Second, newspapers sometimes have policies against publishing front-page stories about gang murders. The soundness of these policies is debatable (especially in the era of local blogs), but it's not always a matter of oversight.

Third, why treat Patch as if it were a loopy grandmother who miraculously remembered your name? The sites shouldn't be graded on a curve.

The point here is that local news matters to local readers and Patch, for all its faults, is filling a void left by consolidations at the Weekly, the LA Times, LANG and Freedom. Some sites in the Patch network will do a good job, some won't. The cheap model AOL has used almost guarantees patchy quality. Nevertheless, Patch editors earn more than most LANG reporters and all unemployed former Weekly and Times reporters, so there is a talent pool to tap into.

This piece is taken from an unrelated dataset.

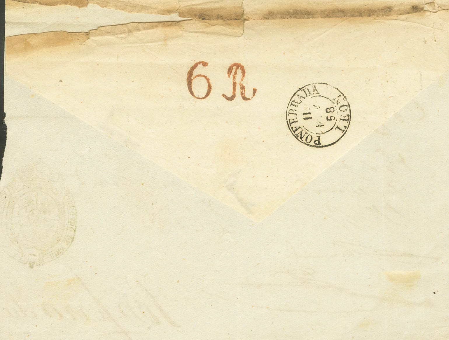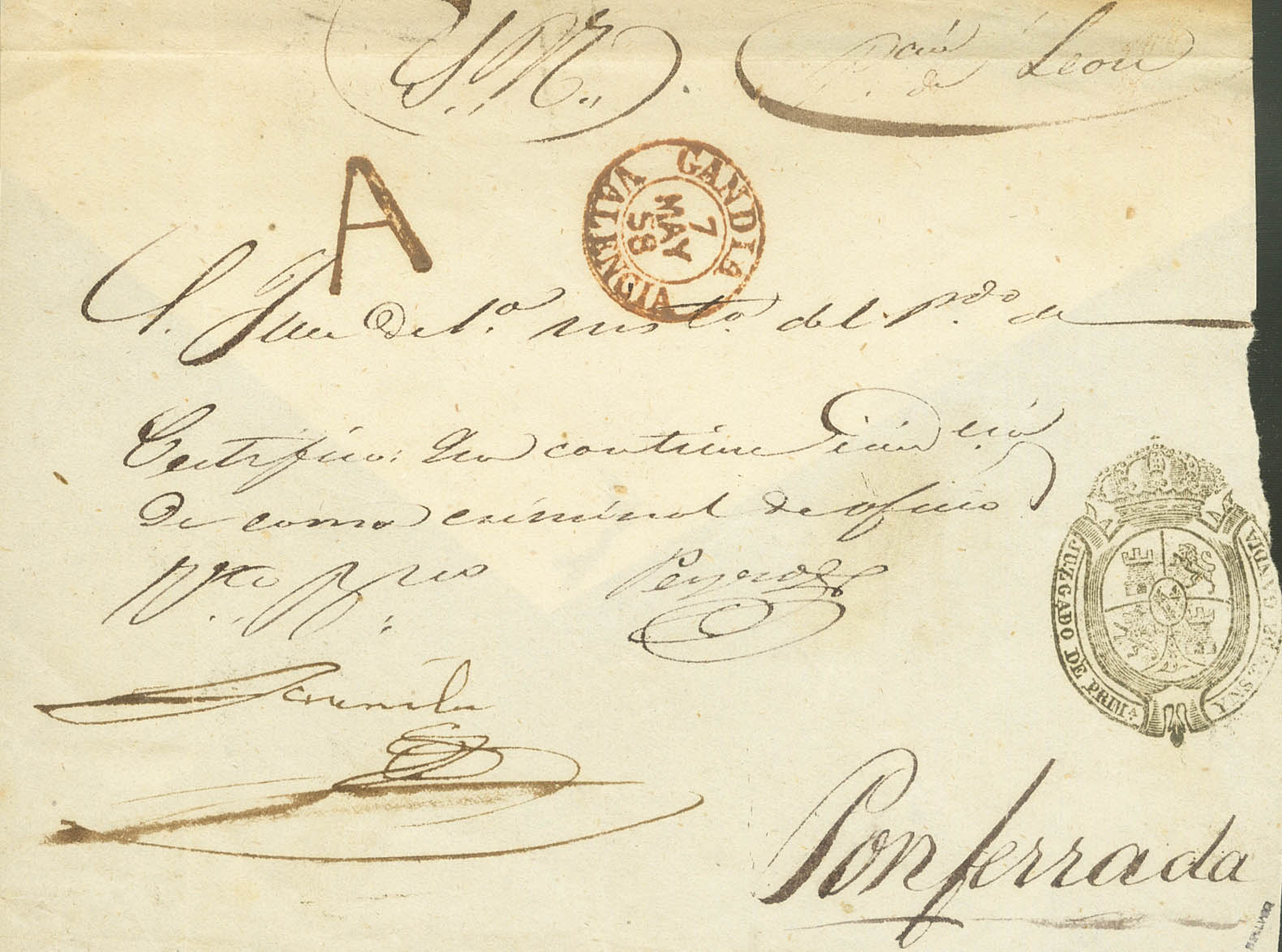 1858. Frente de Plica Judicial (con una solapa trasera con llegada) de GANDIA (VALENCIA) a PONFERRADA (LEON). Marca de abono "A", en rojo de Gandía (P.E.11) edición 2004. MAGNIFICA Y MUY RARA.

Also, we should not forget that another website, The Eastsider LA, written by former LA Times reporter Jesus Sanchez, has been keeping an eye on Echo Park and surrounding neighborhoods since 2008.

3 comments:

Anonymous said...

> why treat Patch as if it were a loopy grandmother who miraculously remembered your name?

If it ACTS like my loopy grandmother, I don't see any reason why it shouldn't be considered that way.

I will say that the Redmond Carolipio article on the Echo Park murder was good. If you could clone more of him, that might solve The Patch Problem. But overall, it is just not cutting the mustard.

This whole stringer mentality, piece-work journalism tactic is going to snap AOL back in the kisser.

You cannot run a real news organization on pie-in-the-sky and if-wishes-were-fishes-philosophies.

Patch is feeling an initial surge because it has become the retaliatory employment choice for journalists fed up with organizations like MNG.

But AOL will drop these hopeful souls like a cold sack of mush after their bean-counters can't realize a decent profit for their shareholders. Same as Singleton.

Same sack of sh*t, different day. And even less reliable.

Anonymous said...

Our local Patch is pathetic. Inteviews with very forgetable people; stupid questions and answers with the answers provided largely by themselves; horrible recipes. We have holidy fireworks in our city and the coverage of them did not include any fireworks pictures - actually people mostly waiting for the fireworks. The actual fireworks coverage came much later in the form of a video.

Anonymous said...

The Weekly sucks hard and so does Patch. Pretty simple, really.